Ontology Learning from Text

Ontologies are formal, explicit specifications of shared conceptualizations, representing concepts and their relations that are relevant for a given domain of discourse [4]. Currently, ontologies are mostly constructed by hand, which proves to be very ineffective and may cause a major barrier to their large-scale use in knowledge markup for the Semantic Web. Creating ambitious Semantic Web applications based on ontological knowledge implies the development of new, highly adaptive and distributed ways of handling and using knowledge that enable semi-automatic con-struction and refinement of ontologies. Automation of ontology construction can be implemented by a combined use of linguistic analysis and machine learning approaches for text mining, which provides facilities for ontology construction and refinement (see e.g. [5] and the overview of ontology learning methods in [3]).

As human language is a primary mode of knowledge transfer, ontology development could be based more directly on the linguistic analysis of relevant documents. In recent years, a number of systems have been introduced that are designed along these lines, e.g. ASIUM [2], TextToOnto [6], Ontolearn [7] and OntoLT [1], all of which combine a certain level of linguistic analysis with machine learning algorithms to find potentially interesting concepts and relations between them.

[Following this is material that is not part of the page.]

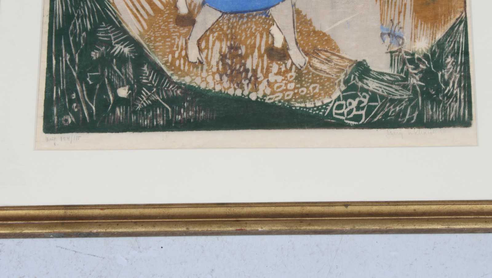 Träsnitt, "Kvinna med häst", signerad samt numrerad 104/115, ram 66x54 cm, passepartout 50x40 cm. (vån3)
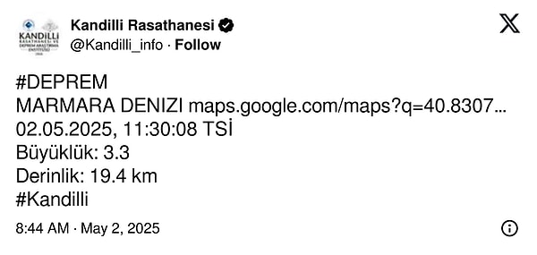 İstanbul’da geçtiğimiz hafta meydana gelen sarsıntı sonrasında artçı sarsıntılar aralıksız olarak devam ediyor. Bugün de saat 11:30’da merkezüssü Marmara Denizi olan bir artçı sarsıntı meydana geldi.

A typical approach in ontology learning from text first involves the extraction of (more or less complex) terms from a domain-specific
corpus. Extracted terms are statistically processed to determine their relevance for the domain corpus at hand and clustered into groups with the purpose of identifying a taxonomy of potential classes. Additionally, relations can be identified, mostly by computing a statistical measure of connectedness between identified clusters.

 

[1]Buitelaar P. / Olejnik D. / Sintek M.: A Protege Plug-In for Ontology Extraction from Text Based on Linguisitc Analysis. In: Proceedings of the European Semantic Web Symposium ESWS-2004, Greece, May 2004.

 

 

 

[2] Faure D. / Nédellec C. / Rouveirol C.: Acquisition of Semantic Knowledge using Machine learning methods: The System ASIUM. Technical report number ICS-TR-88-16, 1998.

 

 

 

[3] Gomez-Perez A. / Manzano-Macho D.: A Survey of Ontology Learning Methods and Techniques. Deliverable 1.5, OntoWeb Project, 2003.

 

 

 

[4] Gruber T.: Towards principles for the design of ontologies used for knowledge sharing. Int. Journal of Human and Computer Studies 43(5/6), 1994, 907-928.

 

 

 

[5] Maedche A.: Ontology Learning for the Semantic Web. The Kluwer International Series in Engineering and Computer Science, Volume 665, 2003.

 

 

 

[6] Maedche, A. / Staab, S.: Semi-automatic Engineering of Ontologies from Text. In: Proceedings of the 12th International Conference on Software Engineering and Knowledge Engineering, 2000.

 

 

 

[7] Navigli R. / Velardi P. / Gangemi A.: Ontology Learning and its application to automated terminology translation. IEEE Intelligent Systems, vol. 18:1, January/February 2003.